UTF-8 Seems Wrong
Archives Forums/BlitzMax Bug Reports/UTF-8 Seems Wrong
| ||
I'm using ToUTF8String here, but get similar results with text streams:SuperStrict Framework BRL.StandardIO Import BRL.Retro Local b:Byte Ptr = "äöå".ToUTF8String() Local i:Int While b[i] Print Hex(b[i])[6..] i:+1 Wend Output: C3 83 C2 A4 C3 83 C2 B6 C3 83 C2 A5 Expected: C3 A4 C3 B6 C3 A5 So there are two incorrect bytes in between with each of these characters AFAICT. I'm unsure how that's even possible as ToUTF8String seems to output at most 3 per character. Unless it is messed up in the compilation step... (I'm using 1.38 on Linux.) |
| ||
I can't remember if 1.38 had the "final" fix of the utf8 code, or if it was 1.37... or if 1.38 still needs to be patched... |
| ||
Maybe the problem is on my side, since I can't even seem to post the correct characters here? Edit: Also, I get a String.length of 6 for 3 characters. |
| ||
Related to this I'd guess. I get the "expected" result on Mac. |
| ||
I can't even seem to post the correct characters here? That's a forum "feature" :-) SuperStrict Framework BRL.StandardIO Import BRL.Retro Local s:String = Chr(228) + Chr(246) + Chr(229) Local b:Byte Ptr = s.ToUTF8String() Local i:Int While b[i] Print Hex(b[i])[6..] i:+1 Wend |
| ||
...but it should (hopefully) work now, since I use it all the time. |
| ||
Output on Linux :-)Building untitled1 Compiling:untitled1.bmx flat assembler version 1.68 (32768 kilobytes memory) 3 passes, 1662 bytes.

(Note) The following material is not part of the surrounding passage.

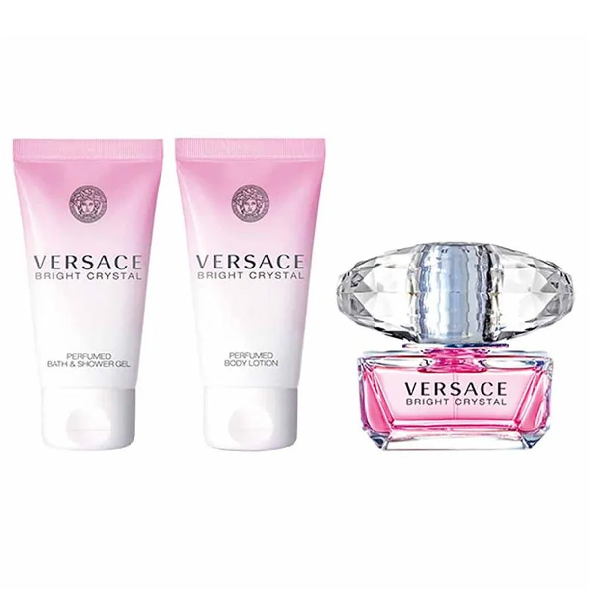 Versace Bright Crystal Set includes EDT, body lotion, and shower gel. Experience the luxurious scent and nourishing care for your skin.
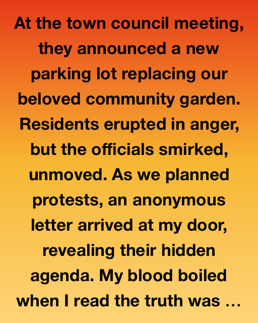 At the town council meeting, they announced a new parking lot replacing our beloved community garden. Residents erupted in anger, but the officials smirked, unmoved. As we planned protests, an anonymous letter arrived at my door, revealing their hidden agenda. My blood boiled when I read the truth was the land was secretly sold to a chain development agency.

Linking:untitled1.debug Executing:untitled1.debug C3 A4 C3 B6 C3 A5 Process complete :-) Are you sure you have the correct... everything? |
| ||
I just tried your Chr'ed version and that works. So it seems to be something with the compilation phase, but no idea where in the line... Here is what the compiled .s file says: _12: dd bbStringClass dd 2147483647 dd 6 dw 195,164,195,182,195,165 align 4 And the Chr version: _12: dd bbStringClass dd 2147483647 dd 3 dw 228,246,229 |
| ||
Interesting... I Printed s from the Chr version, and then copied those characters into a new String for s... and ran it again. It works both ways for me. This is the .s with the proper String s : _3: dd bbStringClass dd 2147483647 dd 3 dw 228,246,229 align 4 Which looks right. I'm using my GTK-built MaxIDE though, which is UTF8 friendly. I can't vouch for the FLTK one. |
| ||
What should the encoding of the source files be? Edit: Mine seems to be proper UTF-8 according to Gedit. Edit 2: Yes, I verified it by printing out the bytes. |
| ||
I resaved the file with Gedit using the Latin-1 encoding (ISO/IEC 8859-1) and that works correctly - i.e. I get the output I was originally expecting. I think one of the following is true: 1. Encoding for .bmx files should be Latin-1. There is a bug with MaxIDE on Linux. 2. Encoding for .bmx files should be UTF-8. There is a bug with the compiler on Linux. I'm not sure which, though. |
| ||
Just a follow-up (even though this thread is probably more about the UTF-8 conversion functions): UTF-16 encoding seems to work the best for string literals. It makes the most sense, seeing as Max strings use 16-bit characters internally. |
| ||
Hi I've a problem with UTF/Latin/whatsover codification in a BMX source code that contains text written in various european languages. If I open the file in GEdit I can read correctly every strings. When I open in BMX the source code is 'truncated'. For example: "Questa applicazione è freeware!" <--- OK In GEdit "Questa applicazione <--- there are not " at the end, and some characters are hidden, only visible when you highlight the line. When I compile the application, there are no errors, only the text is not displayed correctly in MaxGUI labels/gadgets. PS: I tried to 'convert' the .bmx file force the saving with a proper codification (ISO 8859-1 / 8859-2...) but everytime GEdit reports that cannot save the file because it contains different text codifications... I will test a different solution, with direct loading from an extern .txt file. Surely MaxIDE (I downloaded the source code from the account section and compiled myself) has still some problems under Linux about Unicode codification. Cheers |